■ **EXTRACTED DATA**:

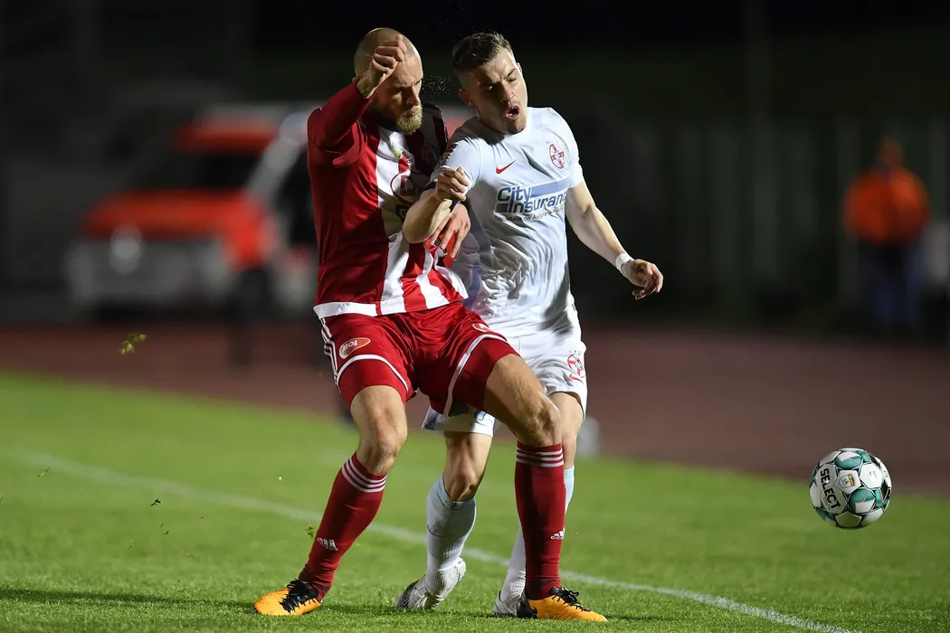 Darius Olaru (D), de la FCSB, lupta pentru balon cu Ninaj Branislav (S), de la Sepsi OSK, in meciul de fotbal din etapa 8 a play-off-ului Ligii 1, disputat pe stadionul Municipal din Sfantu Gheorghe, duminica, 16 mai 2021. ALEX NICODIM / MEDIAFAX FOTO
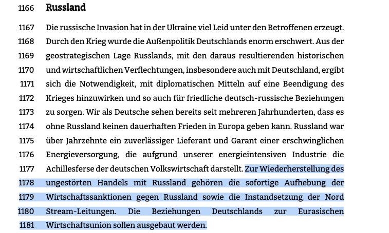 7. Die Russland-Sanktionen der EU will die AfD aufheben und Putins Gas über Nord Stream wieder nach Europa strömen lassen.
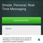 Sin embargo, es posible que finalmente Facebook y WhatsApp vayan a comenzar a interactuar entre ellos, ya que recientemente un desarrollador de Sevilla llamado Javier Santos encontró una nueva opción en la Beta de la nueva versión del mensajero que sugiere que éste podría compartir datos con la red social con el fin de mejorar la experiencia de uso.
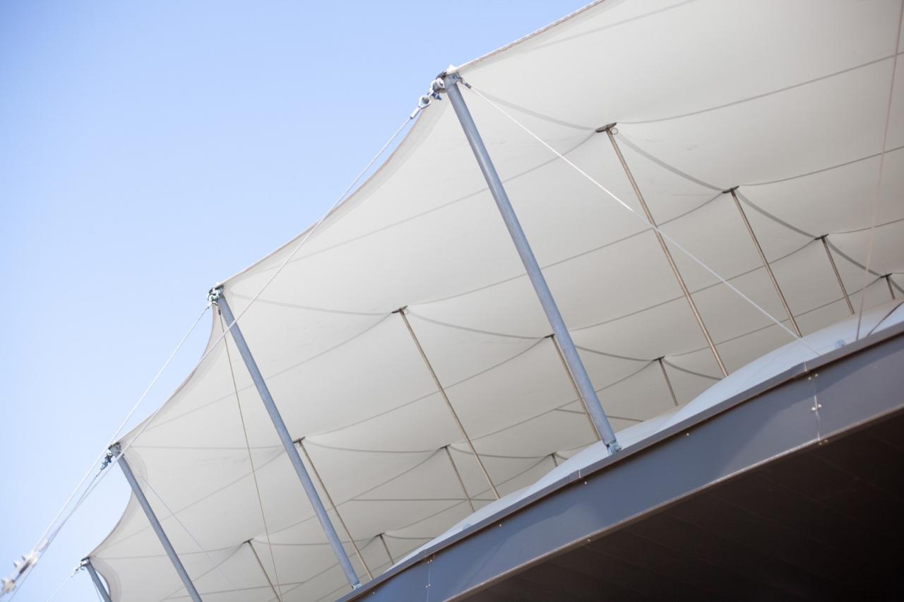 当屋顶充气时,自动对准的撑杆就会竖起来,在它们之间形成一个空腔,加快空气流通,并自然而然带走太阳辐射产生的热量。相比于传统膜结构,Shaded Dome 这种双层织物加 50 厘米空腔的结构,能够用更少的能耗创造健康舒适的室内环境。
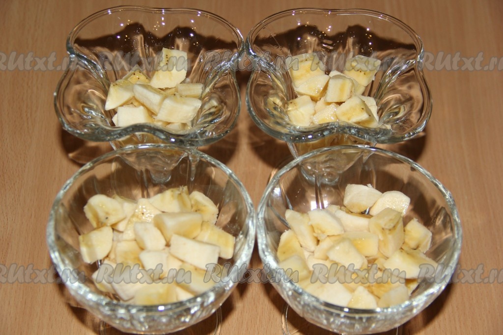 Бананы очистить. На дно креманок выложить бананы, порезанные на кусочки.
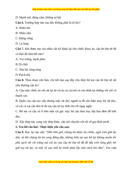 Câu 8. Theo đoạn văn bản, chi tiết nào sau đây cho thấy bố mẹ cậu bé thợ nề rất yêu thương cậu ấy?
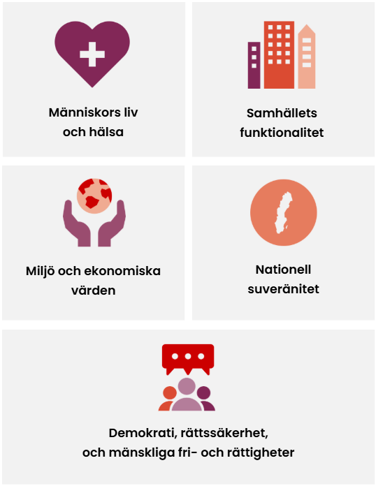 I kursen presenteras grundläggande värden som samhället behöver skydda, dessa har MSB delat in i följande fem kategorier:
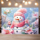 Send warm holiday greetings with this charming card featuring a cheerful snowman bundled in a pink scarf, surrounded by lovely pink poinsettias. The sweet message "Frosty Wishes and Poinsettia Kisses" adds a whimsical and festive touch, perfect for spreading joy to friends and family this Christmas season.
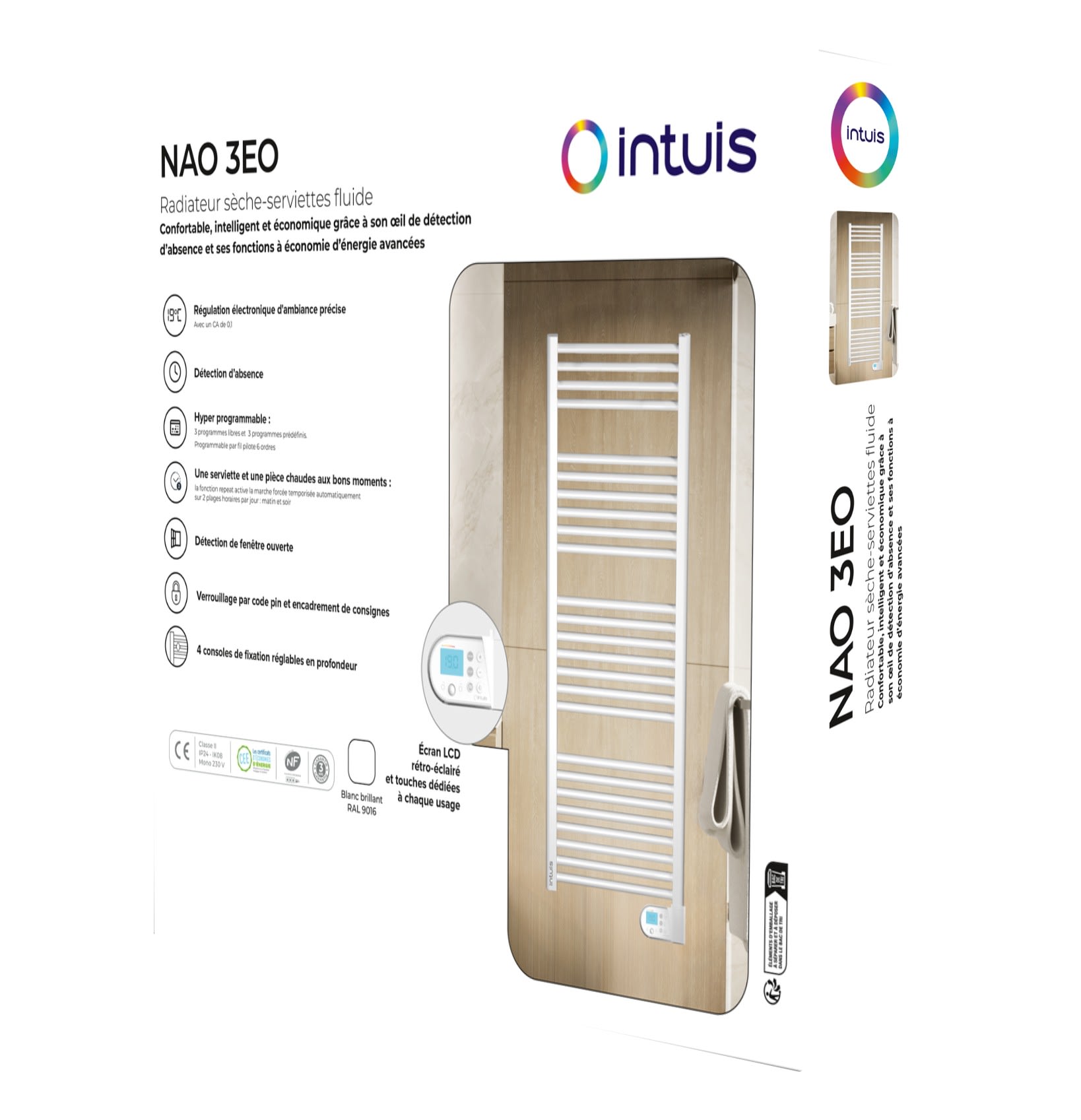 NAO-3EO sèche-serviettes fluide 300W - blanc - largeur 400 mm - NF Performance 3*œil - Fonctions d'économies avancées conformes aux CEE - Détection d'ouverture de fenêtre et de présence.
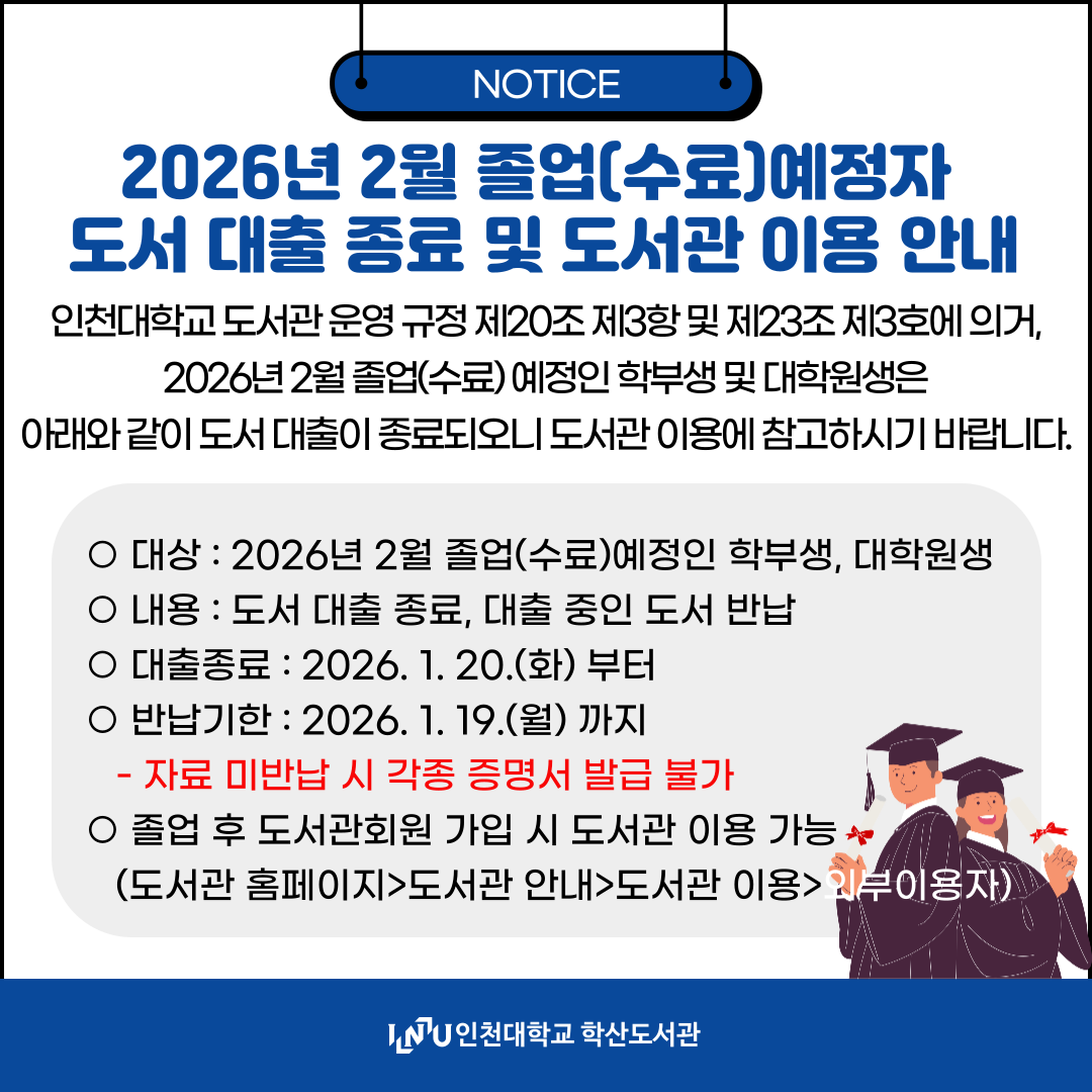 2026년 2월 졸업(수료)예정자 도서 대출 종료 및 도서관 이용 안내
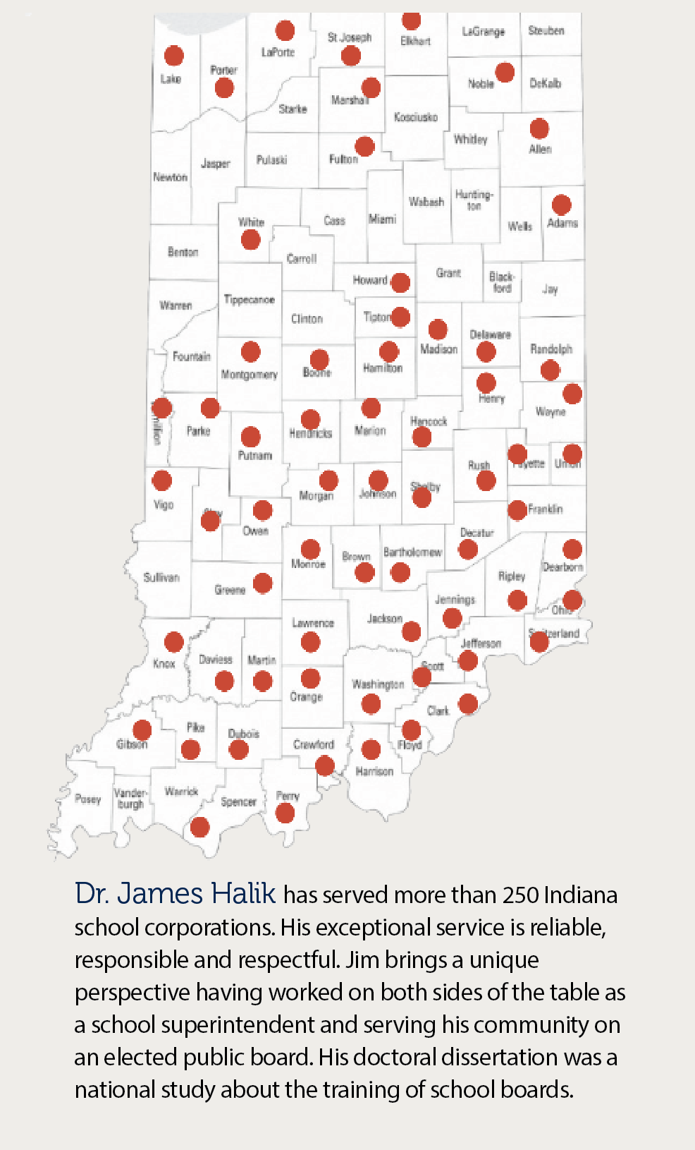 It has been a pleasure to have served the following schools: more than 200 School Districts/School Corporations/Organizations in 60 Indiana Counties

■ **WHAT IS REQUIRED**: Your reply should hold nothing but the lines above, from the one containing "Sin embargo, es" to the one containing "I kursen presenteras", reproduced exactly minus the pictures.

■ **EXERCISE RESPONSE**:
 Sin embargo, es posible que finalmente Facebook y WhatsApp vayan a comenzar a interactuar entre ellos, ya que recientemente un desarrollador de Sevilla llamado Javier Santos encontró una nueva opción en la Beta de la nueva versión del mensajero que sugiere que éste podría compartir datos con la red social con el fin de mejorar la experiencia de uso.
 当屋顶充气时,自动对准的撑杆就会竖起来,在它们之间形成一个空腔,加快空气流通,并自然而然带走太阳辐射产生的热量。相比于传统膜结构,Shaded Dome 这种双层织物加 50 厘米空腔的结构,能够用更少的能耗创造健康舒适的室内环境。
 Бананы очистить. На дно креманок выложить бананы, порезанные на кусочки.
 Câu 8. Theo đoạn văn bản, chi tiết nào sau đây cho thấy bố mẹ cậu bé thợ nề rất yêu thương cậu ấy?
 I kursen presenteras grundläggande värden som samhället behöver skydda, dessa har MSB delat in i följande fem kategorier:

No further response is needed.